Re: Error in pyspark

Posted by Lior Chaga <li...@taboola.com>.
I figured, but any idea how I can troubleshoot it?
Probably some python package installed...

On Sun, Oct 17, 2021, 14:02 Jeff Zhang <zj...@gmail.com> wrote:

> Hi Lior,
>
> I run it many times, but can not reproduce it.
>
> [image: image.png]
>
> Lior Chaga <li...@taboola.com> 于2021年10月17日周日 下午5:05写道:
>
>> Hi,
>> I'm puzzled - I have zeppelin 0.10 with spark 3.1.2.
>> The driver has Anaconda with python 3.6.5 installed.
>>
>> Running pyspark paragraph, I'm getting some weird behavior. Paragraph
>> runs successfully on first attempt, but then failing on successive attempts
>> (until interpreter restarted).
>>
>> Error is:
>>
>>
>> ---------------------------------------------------------------------------
>> AttributeError Traceback (most recent call last)
>> <ipython-input-13-4fe403202586> in <module>() ----> 1 sc.setJobGroup(
>> 'zeppelin|admin|2GAWSQT96|paragraph_1629208863735_110330802', 'Started
>> by: admin') AttributeError: 'SparkSession' object has no attribute
>> 'setJobGroup'
>> Fail to setJobGroup
>>
>>
>>
>> For instance, this paragraph:
>>
>> %spark.pyspark
>>
>> import pandas as pd
>> from pyspark.sql.types import StringType
>> import numpy as np
>> def np_sqrt(v):
>>     return np.__path__
>>
>> spark.udf.register("np_sqrt", np_sqrt, StringType())
>>
>> df = spark.range(10).createOrReplaceTempView("d")
>> spark.sql("select np_sqrt(id) as arr from d").show(truncate=False)
>>
>>
>> BTW, I can run different pyspark paragraphs, each will succeed at the
>> first attempt.
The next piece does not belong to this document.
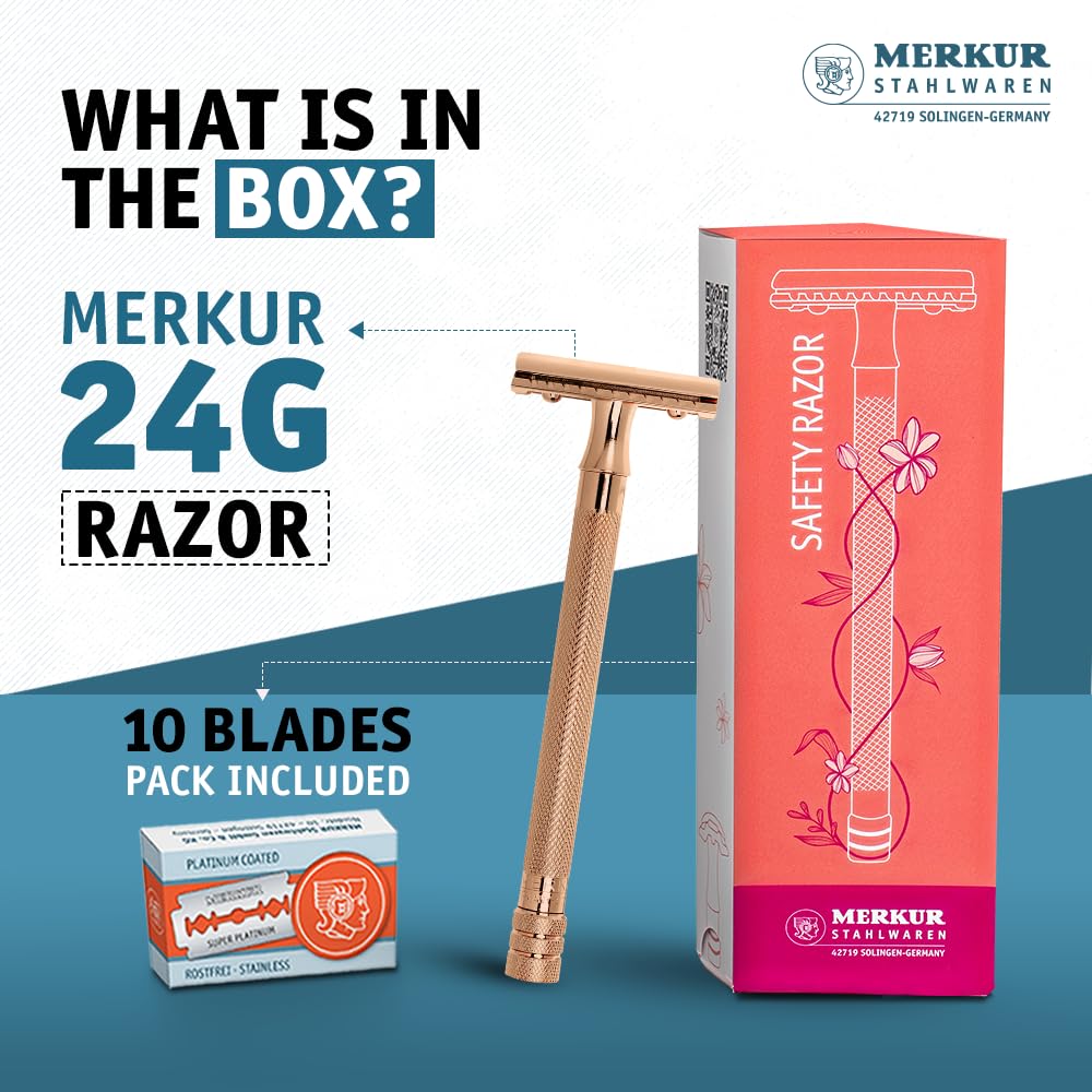 - 1 Merkur DE Razor with rose gold finish and straight-cut comb

Once re-running a paragraph, every pyspark paragraph will
>> fail.
>>
>> Any idea what may cause it?
>> Thanks,
>> Lior
>>
>
>
> --
> Best Regards
>
> Jeff Zhang
>

Re: Error in pyspark

Posted by Jeff Zhang <zj...@gmail.com>.
Hi Lior,

I run it many times, but can not reproduce it.

[image: image.png]

Lior Chaga <li...@taboola.com> 于2021年10月17日周日 下午5:05写道:

> Hi,
> I'm puzzled - I have zeppelin 0.10 with spark 3.1.2.
> The driver has Anaconda with python 3.6.5 installed.
>
> Running pyspark paragraph, I'm getting some weird behavior. Paragraph runs
> successfully on first attempt, but then failing on successive attempts
> (until interpreter restarted).
>
> Error is:
>
> ---------------------------------------------------------------------------
> AttributeError Traceback (most recent call last)
> <ipython-input-13-4fe403202586> in <module>() ----> 1 sc.setJobGroup(
> 'zeppelin|admin|2GAWSQT96|paragraph_1629208863735_110330802', 'Started
> by: admin') AttributeError: 'SparkSession' object has no attribute
> 'setJobGroup'
> Fail to setJobGroup
>
>
>
> For instance, this paragraph:
>
> %spark.pyspark
>
> import pandas as pd
> from pyspark.sql.types import StringType
> import numpy as np
> def np_sqrt(v):
>     return np.__path__
>
> spark.udf.register("np_sqrt", np_sqrt, StringType())
>
> df = spark.range(10).createOrReplaceTempView("d")
> spark.sql("select np_sqrt(id) as arr from d").show(truncate=False)
>
>
> BTW, I can run different pyspark paragraphs, each will succeed at the
> first attempt. Once re-running a paragraph, every pyspark paragraph will
> fail.
>
> Any idea what may cause it?
> Thanks,
> Lior
>


-- 
Best Regards

Jeff Zhang